Published: Dec 13, 2018Time to read: 5mins Category: Learning
5 Ways to Use Your LMS for Compliance Management
These days most organizations face compliance requirements of some description. Whether you’re in finance or pharma, manufacturing or aviation, non-compliance with industry and government regulations can result in considerable penalties.
This doesn’t just mean fines.
Reputational damage, site shutdowns and loss of revenue are just a few of the repercussions of poor compliance management.
Fortunately, there are a number of ways you can use an LMS to improve your organization’s compliance management. Here’s our rundown of the most useful features any robust LMS should have to reduce the risks of non-compliance.
Recommended related reading: 'The 13 Must-Have Features of a Learning Management'
Compliance Management #1: Security Matters First
As a data center, your LMS is a compliance risk area.
Regulations around data protection may include specific requirements on how data centers host and share information. In addition to this, your learning content may well contain proprietary or confidential information you do not want to risk leaking into the public sphere.
Your LMS should be as safe and secure as possible.
For example, if your LMS is cloud-based then a single-tenant SaaS implementation is likely to be the safest option. You may also consider an on-premise implementation if a cloud-based LMS does not meet your organization’ specific security needs.
ISO 27001 is a rigorous security standard which very few LMSs have achieved. This standard requires a comprehensive framework of security controls, as well as regular external audits.
More from the blog: 'Single-Tenant LMS vs Multi-Tenant LMS: A Question of Security'
Compliance Management #2: Reminders and Alerts
Many compliance training programs are mandatory, but getting learners to complete your learning can sometimes be a challenge.
Sending emails and reminders to learners is a tedious task for many managers.
Luckily many LMSs can now automate this process for you, sending out a series of reminders to learners to complete training which, if ignored, eventually result in a manager being alerted.
A robust, feature-rich LMS like PeopleFluent LMS can go one step further by flagging course completion reminders when learners log into the LMS, and can even block access to other learning programs until the outstanding learning is completed.
Compliance training is often conducted on an annual basis. Instead of re-enrolling learners each year, utilize certification features in your LMS instead. These certificates expire and then automatically re-enroll your learner for the next year’s course.
You can also boost completion rates with a ‘test-out’ feature. With this tool, learners don’t have to complete a course from scratch if they can pass an upfront assessment. This is an especially valuable way to keep learners compliant when they may be faced with proving compliance with a variety of regulations each year.

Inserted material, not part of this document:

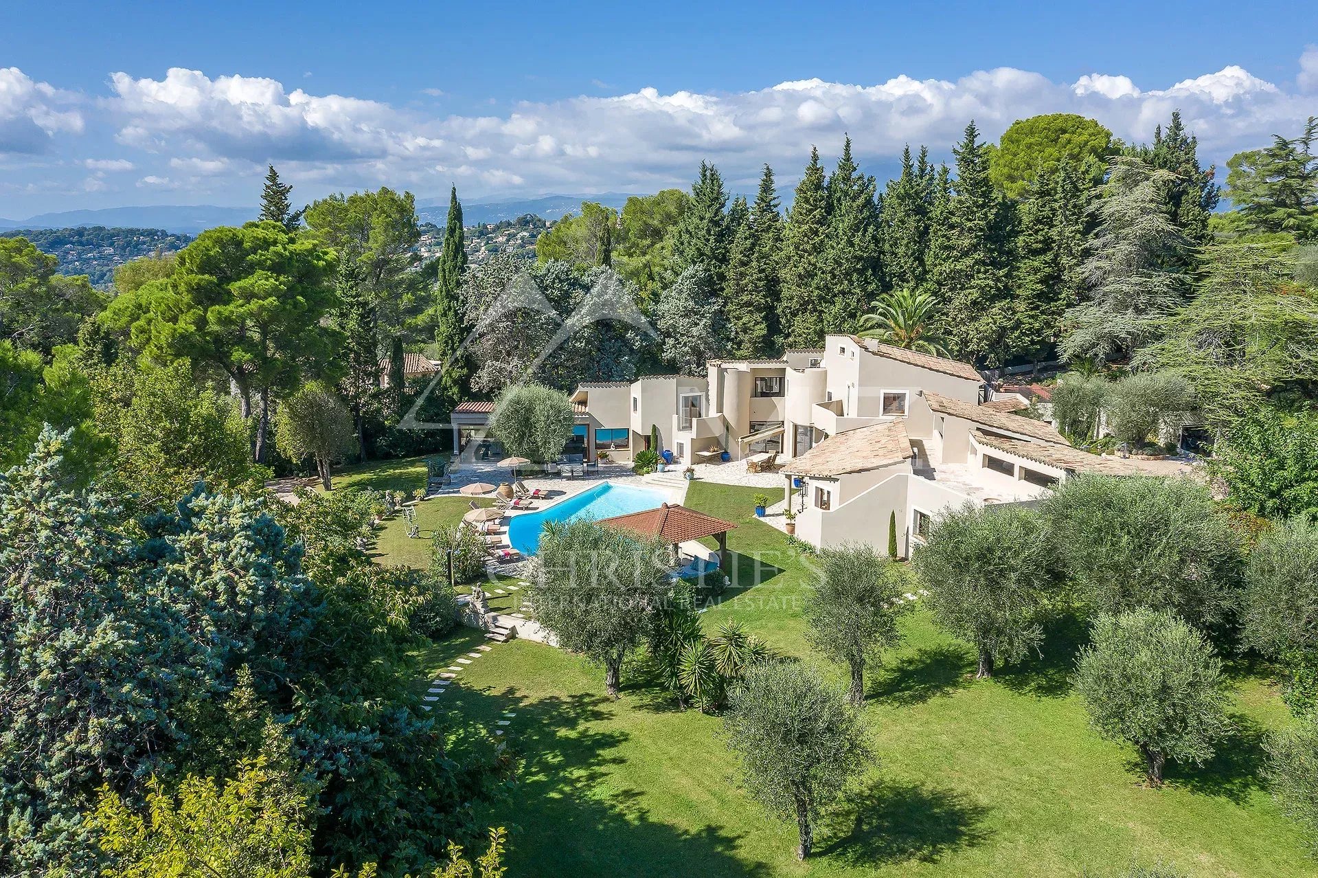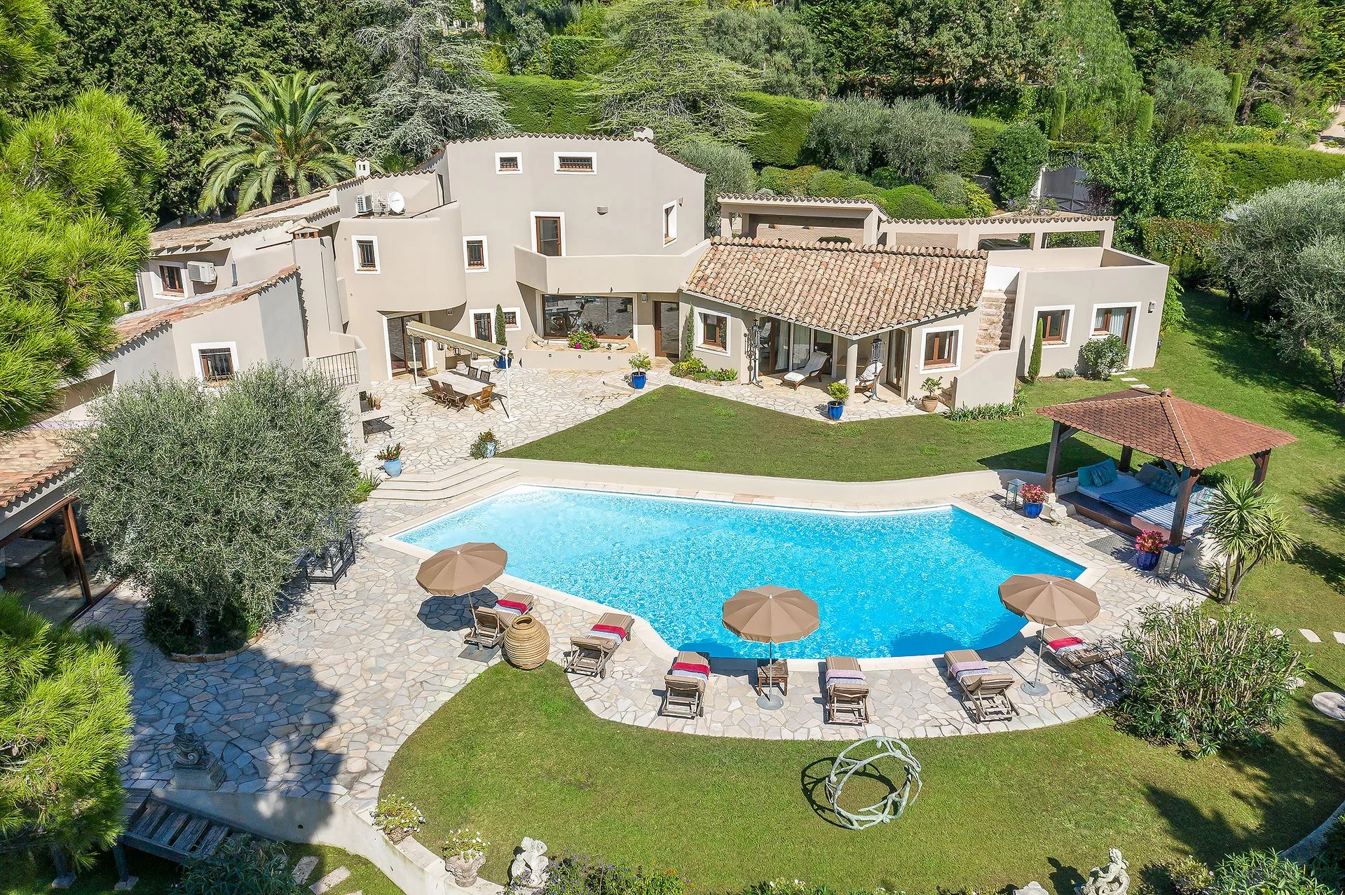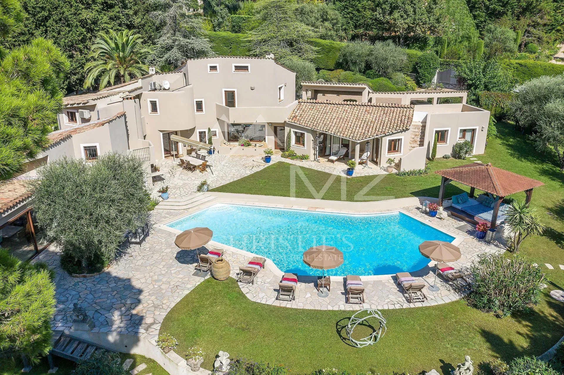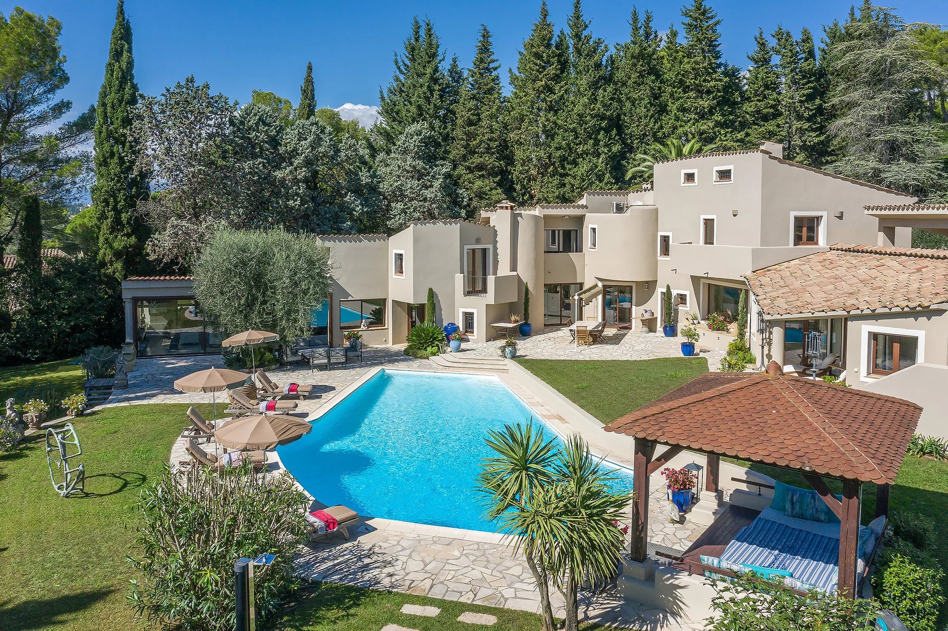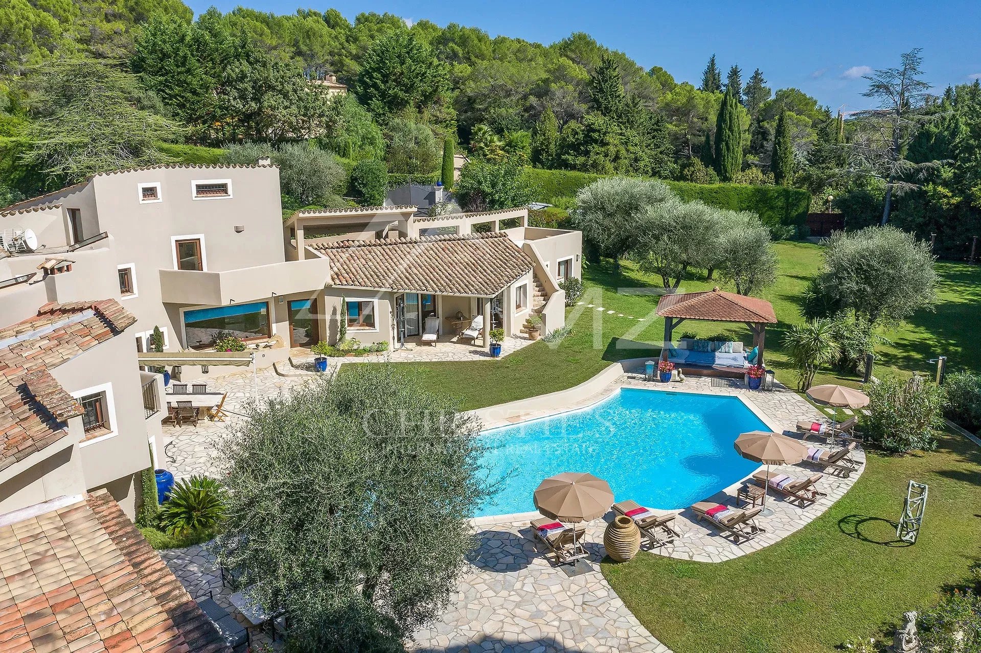 Located in one of the most residential areas of Mougins, in a quiet and green environment, this remarkable villa set on a magnificent flat land of 5000 m2, is a beautiful family and vacation home with 6 bedrooms en suite in the main house + 1 guest apartment with its own terrace. Numerous bright reception rooms and large and beautiful semi-professional equipped kitchen. The outside spaces will make the beautiful part to the convivial moments of relaxation with big terraces, a wooden pergola, a big heated swimming pool, a hammam and a pétanque court. Carport for 4 cars.
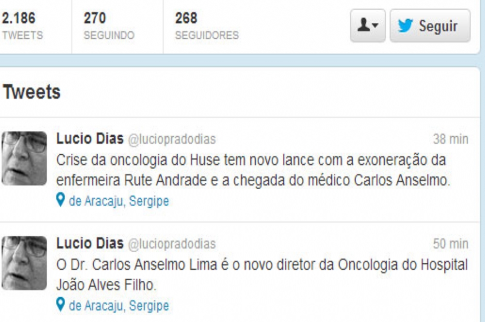 A coordenadora do setor de Oncologia do Hospital de Urgência de Sergipe (Huse), Rute Andrade, foi exonerada de seu cargo. A informação foi divulgada no Twitter na tarde desta segunda-feira, 4, no perfil do médico Lúcio Dias, e confirmada por fontes do Portal Infonet. “Crise da oncologia do Huse tem novo lance com a exoneração da enfermeria Rute Andrade e a chegada do médico Carlos Anselmo”, afirma o médico na rede social.

Compliance Management #3: Content Approvals and Controls
Maintaining strict controls and permissions on documentation and learning content is vital for good compliance management.
For example, utilizing strict versioning controls will make it far easier to track which versions of content your learners have accessed. This is particularly valuable for auditing purposes.
Permission features are essential to maintaining the integrity of your compliance content.
Content should only be updated by authorized people in your organization to ensure it remains relevant and up-to-date. A good LMS should allow you to easily set up access permissions and design rigorous procedures to authorize updates to content.
Compliance Management #4: Rigorous Exam Requirements
Passing an assessment is usually the last stage of proving compliance for your learners. They need to be able to demonstrate they have understood the learning and how to apply it in context.
Use an inbuilt exam engine to set rigorous examinations straight from your LMS.
This type of feature will provide you with various different options to assess your learners, such as randomization of answer options and question pooling.
Some LMSes also allow you to set exam access conditions that drastically reduce the risk of cheating. LMS administrators can use an LMS exam engine to build assessments that can only be accessed within certain IP ranges or with individual access codes. This allows organizations to set up specific exam centers within their sites featuring locked down PCs.
Compliance Management #5: Robust Record Tracking
One of the biggest benefits you can leverage from your LMS is to make the move to electronically storing training records.
In certain sectors, there are specific regulations around the upkeep of electronic records. Regulations such as 21 CFR Part 11 require organizations to maintain electronic records and signatures that are legal equivalents to paper records and handwritten signatures.
If your LMS can demonstrate compliance with 21 CFR Part 11, then moving to electronic storing training records is an efficient way to save time—both on ongoing administrative duties and audit-related tasks.